The charge detection signals CHD are illustratively periodic and are recorded in the form of amplitude and period values and, in this regard, each amplitude and period pair represents ion measurement information for a charge detection event in which a respective one of the multiple charged particles is traveling through the charge detection cylinder CD. The amplitude is the amplitude of the charge induced by the charged particle on the charge detection cylinder as the charged particle passes therethrough, and the period value is the time duration of passage of the charged particle through the charge detection cylinder. A plurality of such amplitude and period values are measured and recorded during a respective charged particle measurement event (i.e., during a charged particle trapping event), and the resulting plurality of recorded values i.e., the collection of recorded charged particle measurement information, for the charged particle measurement event, is processed to determine mass-to-charge ratios (m/z) and charge magnitudes of each of the multiple charged particles, as will be described below. Charged particle mass values are then computed based on the m/z and corresponding charge magnitude values. Multiple charged particle measurement events can be processed in this manner, and a mass-to-charge ratio and/or mass and/or charge spectrum of the sample may illustratively be constructed therefrom in a conventional manner.
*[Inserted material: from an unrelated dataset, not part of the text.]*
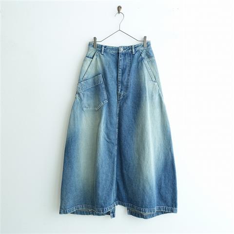 デザイン:mina perhonenのalwaysデニムスカートです。カラーはユーズド加工されたライトインディゴブルーで、フロントジッパーフライです。5ポケット+右フロントにポケットがあり、バックに37.5cmほどのスリットが入っています。ウエスト周りやポケットの内側にmermaidの刺繍柄が配されており、本体価格44,000円(税抜き)の商品です。

Referring now to FIG. 3, an embodiment is shown of the processor 16 illustrated in FIG. 1. In the illustrated embodiment, the processor 16 includes a conventional amplifier circuit 40 having an input receiving the charge detection signal CHD produced by the charge sensitive preamplifier CP and an output electrically connected to an input of a conventional Analog-to-Digital (A/D) converter 42. An output of the A/D converter 42 is electrically connected to a processor 50 (P1). The amplifier 40 is operable in a conventional manner to amplify the charge detection signal CHD produced by the charge sensitive preamplifier CP, and the A/D converter 42 is, in turn, operable in a conventional manner to convert the amplified charge detection signal to a digital charge detection signal CDS.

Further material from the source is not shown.